§ **Exercise objective**: Lines from the one containing "Tecnologia IPL (Luz" through the end of the material are to be retyped exactly; do not copy pictures.

§ **Information shown**:
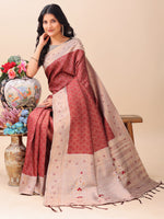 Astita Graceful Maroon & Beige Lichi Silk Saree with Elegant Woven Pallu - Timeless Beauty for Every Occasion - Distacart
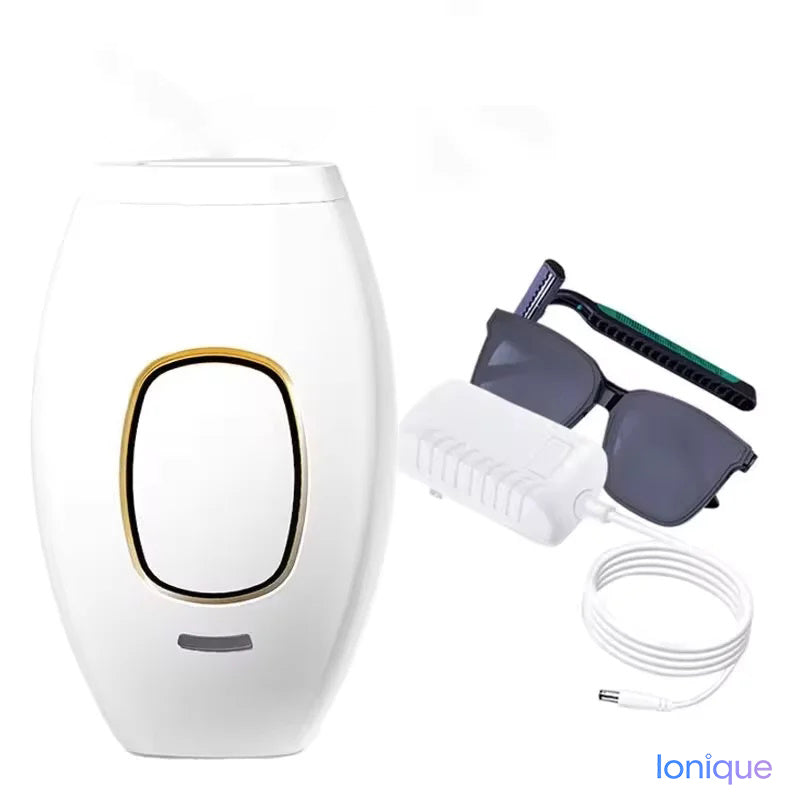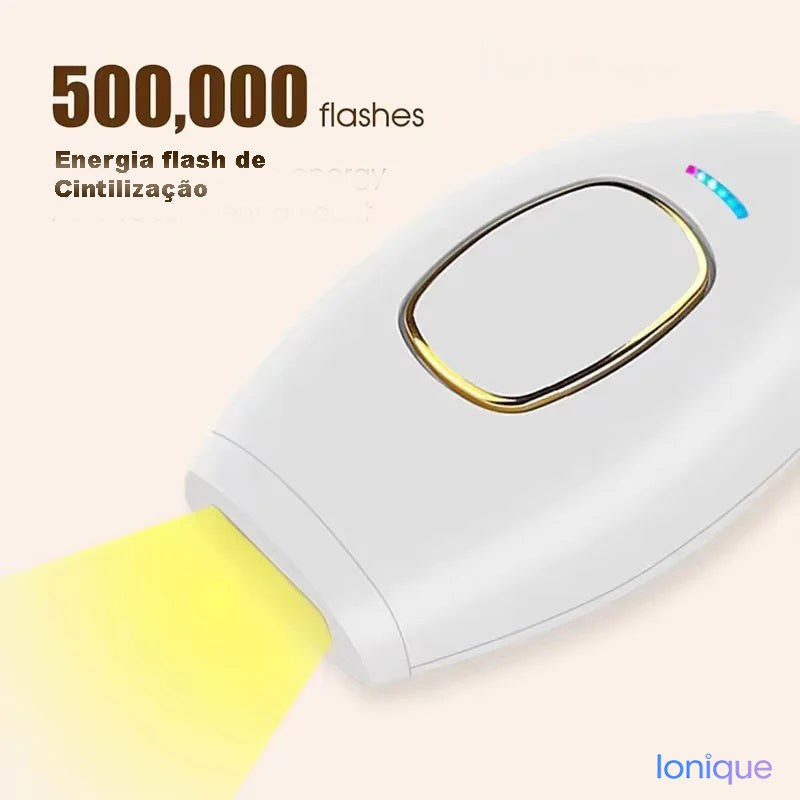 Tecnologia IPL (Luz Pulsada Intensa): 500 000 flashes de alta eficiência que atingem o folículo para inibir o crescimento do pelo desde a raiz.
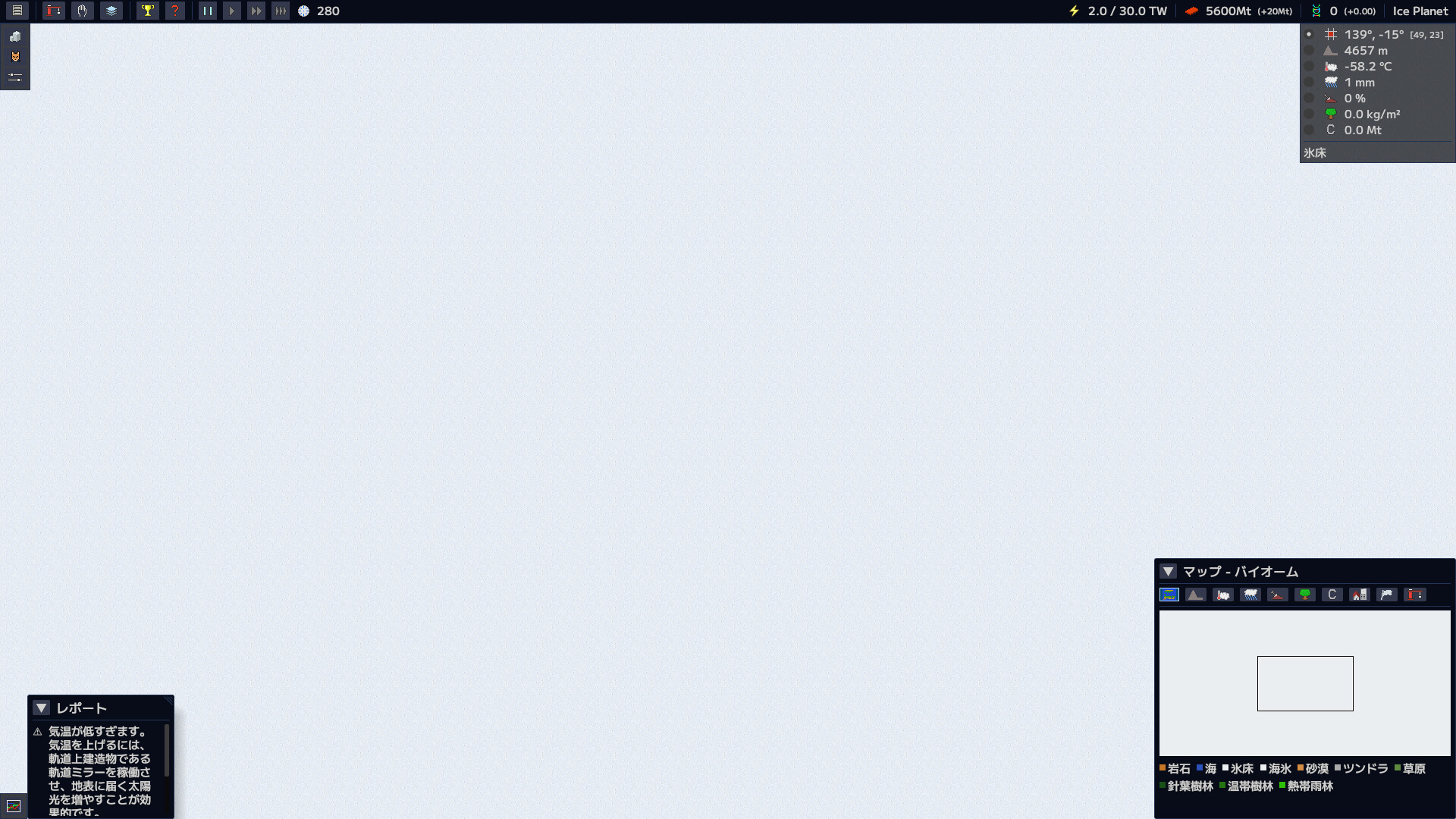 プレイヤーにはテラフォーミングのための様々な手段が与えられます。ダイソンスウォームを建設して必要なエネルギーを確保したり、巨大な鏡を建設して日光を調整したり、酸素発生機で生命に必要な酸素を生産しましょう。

§ **Expected output**:
 Tecnologia IPL (Luz Pulsada Intensa): 500 000 flashes de alta eficiência que atingem o folículo para inibir o crescimento do pelo desde a raiz.
 プレイヤーにはテラフォーミングのための様々な手段が与えられます。ダイソンスウォームを建設して必要なエネルギーを確保したり、巨大な鏡を建設して日光を調整したり、酸素発生機で生命に必要な酸素を生産しましょう。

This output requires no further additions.